Note.If we had started creating the FlexiLayout not with the name DateHeader but with the name InvoiceHeader, we wouldn't have been able to use the Exclude function, as this function can only exclude elements that are located higher than the current element in the project tree.
To exclude the unwanted detection of the word "Invoice" at the bottom of the page, we wrote the following code in the Advanced pre-search relations section.
NearestY: PageRect.Top;
This code tells the program to search for the element nearest to the top edge of the page.
Once the FlexiLayout has been matched, we see that our method failed on page 2, because the name of the date field here is very noisy and wasn't detected. On this page, the constraint specified in the Nearest function is true for both of the "Invoice" strings, because they are located on the same level. And since the recognition quality of the "Invoice" strings is good in both the cases, the optimization algorithm generated a single hypothesis instead of two separate ones. Unfortunately, this hypothesis is not correct.
To detect the "Invoice number" field, we created an element of type Character String, named InvoiceNumber. Similarly to the element for the date field, we specify the search constraints for the "Invoice number" field in the Advanced pre-search relations section. The search area for this element is an array of rectangles.
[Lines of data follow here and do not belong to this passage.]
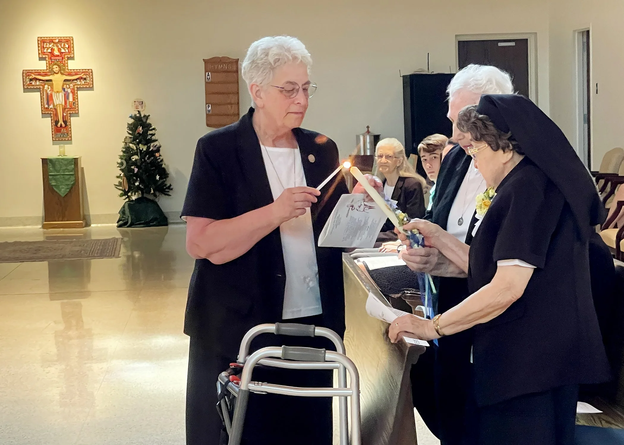 Sister Marian Sgriccia, provincial minister of the School Sisters of St. Francis, lights a candle during the 2024 Jubilee Mass.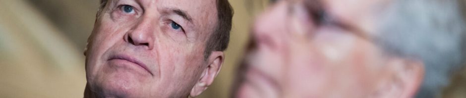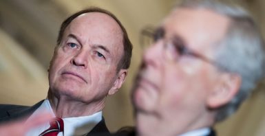 The since-retired Sen. Richard Shelby, R-Ala. (left) and Sen. Mitch McConnell, R-Ky.—seen here talking to reporters Feb. 12, 2019—got rolled in negotiations with Democrats on the omnibus spending bill. But 18 Republican senators inexplicably voted for it anyway. (Photo: Tom Williams/CQ Roll Call/Getty Images)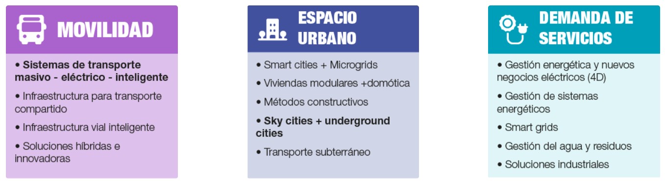 Para Integral son claros tres vectores de transformación: Movilidad, espacio urbano y demanda de servicios, resaltando de ellos oportunidades concretas frente a la implementación de infraestructura para el sistema de movilidad eléctrico, desarrollos enfocados a ciudades inteligentes, soluciones para el uso de espacios subterráneas, servicios en gestión de sistemas energéticos, y el diseño y desarrollo de sistemas de gestión de agua y residuos como se ve en la gráfica.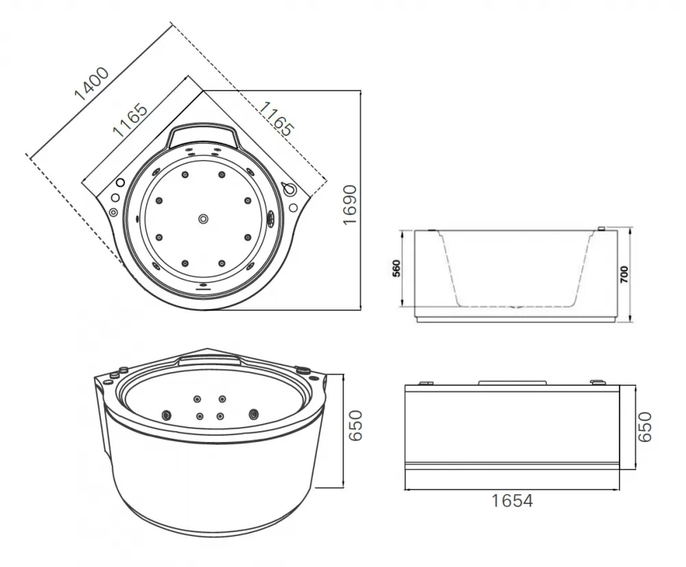 Акриловая ванна Gemy G8040 C L (комплектация без гидромассажа)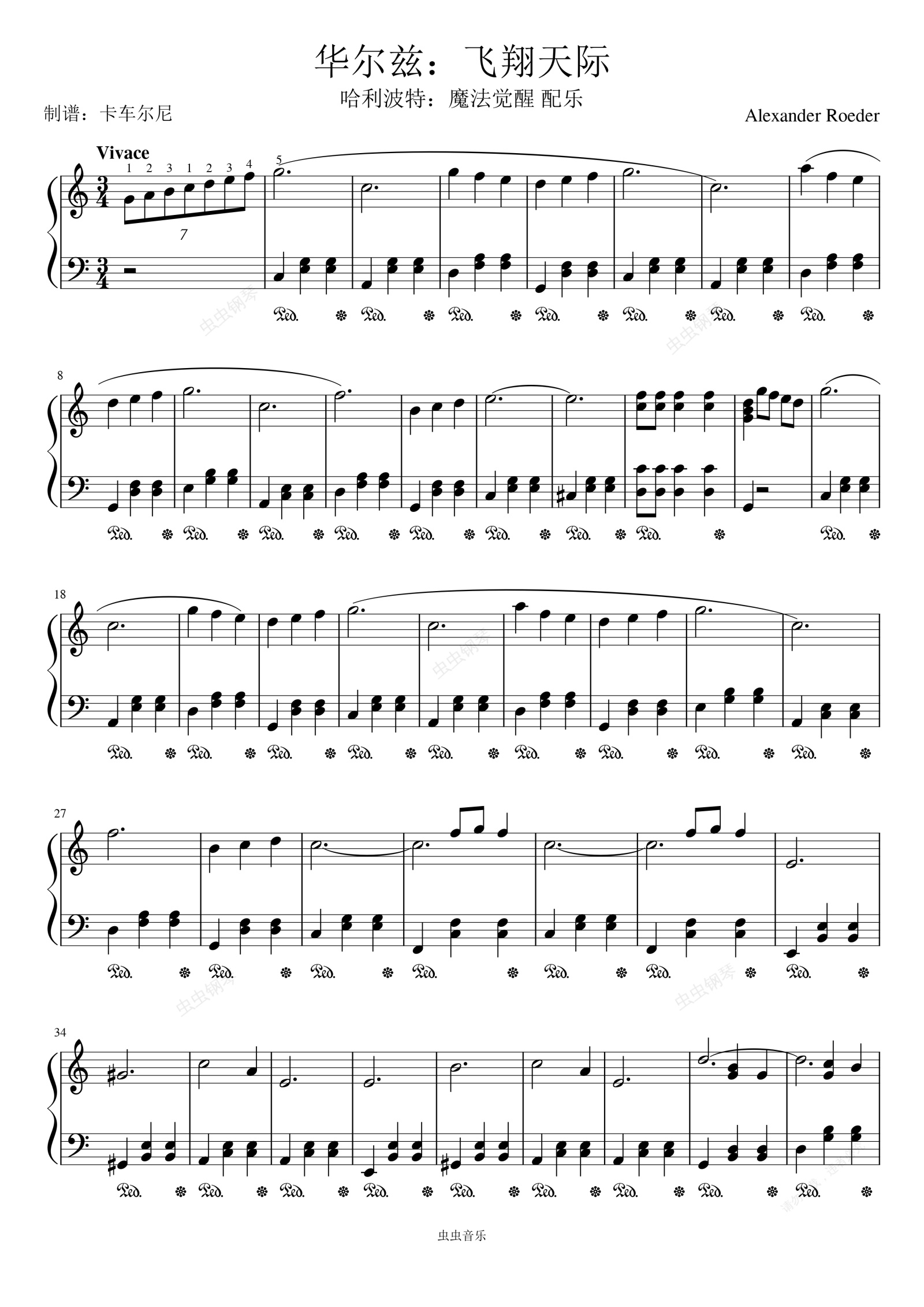 钢琴谱:【哈利波特魔法觉醒】华尔兹:飞翔天际,简易版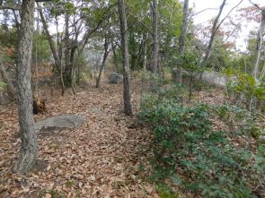 十数年前に海軍の倉敷航空隊の聴音照射所を探索しに行ったことがあるが、戦中は軍事施設、戦後には畑と、二度も手入れを喰らっているので、現在残っている平坦地も石垣も、いつの時代の物かわからない。

let Header = InvoiceGroup.InvoiceHeader;
if not Header.IsNull then
{ let rect1 = Rect (Header.Rect.Right, Header.Rect.Top-20dt,
PageRect.Right, Header.Rect.Bottom+20dt);
let rect2 = Rect (Header.Rect.Left - 200dt, Header.Rect.Bottom,
Header.Rect.Right + 150dt, Header.Rect.Bottom+200dt);
RectArray ar;
ar = RectArray( rect1 );
ar.Add( rect2 );
RestrictSearchArea( ar );
}
else
{ Above: PageRect.Top + PageRect.Height/2;
}
Nearest: Header;
Additionally, we added one more constraint to the code. We told the program that the element InvoiceNumber is the nearest to the element of the name.
After running the matching procedure, we see that the "Invoice number" field was detected wrongly on pages 2 and 4. It was wrongly detected on page 4 even though the name of the field was detected correctly.
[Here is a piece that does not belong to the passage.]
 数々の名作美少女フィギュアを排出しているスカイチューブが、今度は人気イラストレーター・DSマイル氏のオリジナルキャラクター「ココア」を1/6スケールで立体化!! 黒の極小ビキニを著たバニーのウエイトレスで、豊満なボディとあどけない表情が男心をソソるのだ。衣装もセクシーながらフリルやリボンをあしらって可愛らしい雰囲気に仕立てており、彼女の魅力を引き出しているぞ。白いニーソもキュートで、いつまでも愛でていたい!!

Note.As an alternative (for the images of the current project) to Nearest: Header;, we could write NearestY: Header.Rect.YCenter;, to tell the program that the sought field is vertically nearest to the center of the name. This could solve the problem of the incorrect detection of the field "Invoice number" on page 4. But it doesn't help on page 5, because the sought field is detected within the date field after the incorrect detection of the name "Invoice number".
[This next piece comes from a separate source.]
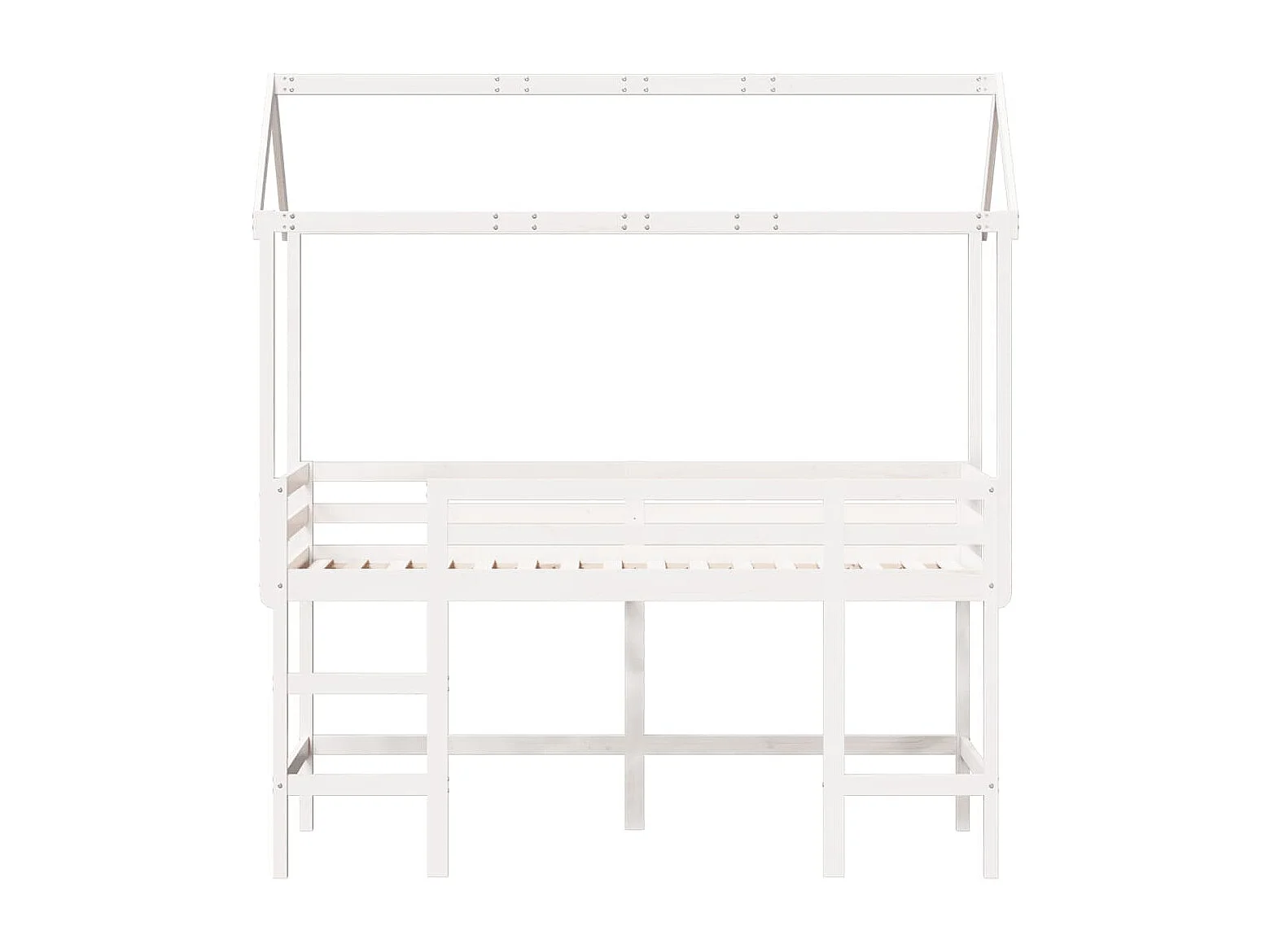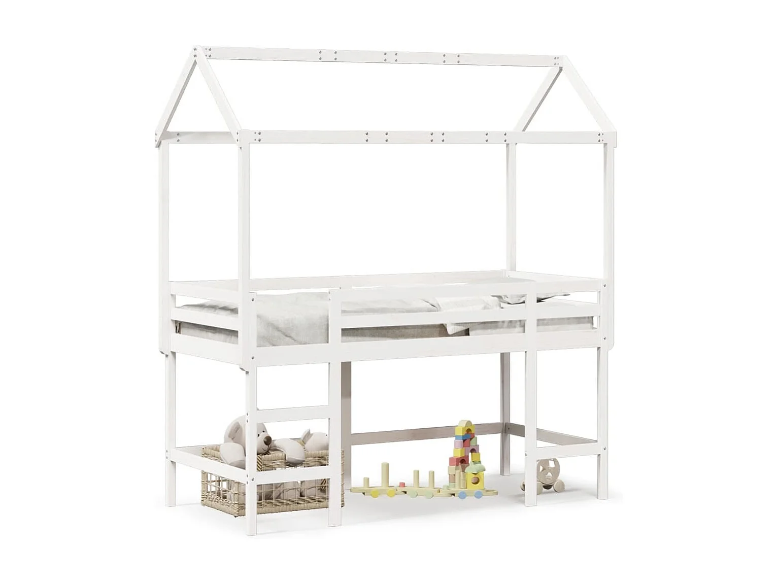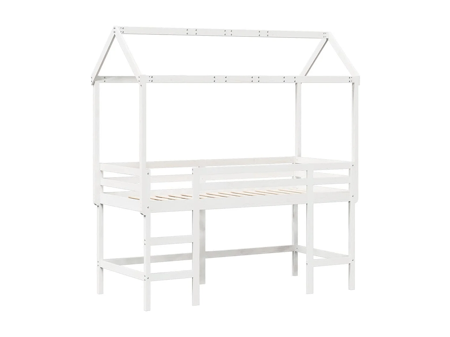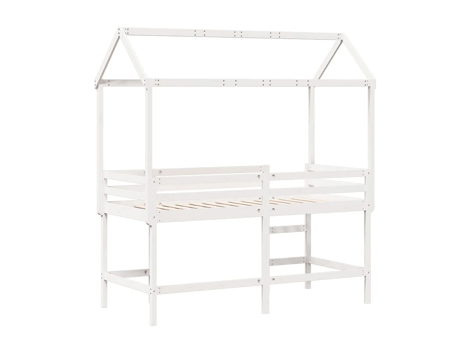 Lit simple-Lit superposé enfant avec échelle et toit sans matelas blanc 90x190 cm

Now let's see how we can use the FuzzyQuality function in such a situation.
To demonstrate this, we created the project 2.fsp (FuzzyAndNearest\Project2 folder).
The settings of this project are nearly identical to those of the project described above.
But there is one significant difference. We didn't use the Nearest function in the Advanced pre-search relations section. Instead, we wrote the following code in the Advanced post-search relations section:
if not IsNull then
{ FuzzyQuality: Rect.Top - PageRect.Top, {0,0,0,50000} * dt;
FuzzyQuality: 500dt-Width, {0,0,0,100000} * dt;
if not InvoiceHeader.IsNull then
{ FuzzyQuality: Rect.XCenter - InvoiceHeader.Rect.XCenter, {-10000,0,0,50000} *dt;
FuzzyQuality: Rect.YCenter - InvoiceHeader.Rect.YCenter, {-10000,0,0,10000} *dt;
}
}
With this method we can affect the quality of all the hypotheses, not excluding any of them. The choice of the best chain will be made for each chain individually by multiplying the quality values of all constituent hypotheses of the elements.
The line FuzzyQuality: Rect.Top - PageRect.Top, {0,0,0,50000} * dt; means, that if a non-null hypothesis is generated (if not IsNull check is run first), then the distance between the location of the element and the top edge of the page is determined. I.e. the difference (Rect.Top - PageRect.Top) is calculated, and the program checks whether this difference belongs to the interval {0, 0, 0, 50000}*dt. Such a description of the interval means that there is a direct dependency of the quality penalty and the distance between the element and the top edge of the page - the longer the distance, the greater the penalty. As is shown in the picture (a), with the specified parameters values, the maximum penalty (1) corresponds to the distance of 50000dt, while the distance of 1000 dots (1 dot is 1/300 of an inch) means the penalty of 0.02, the distance of 100dt - the penalty of 0.002.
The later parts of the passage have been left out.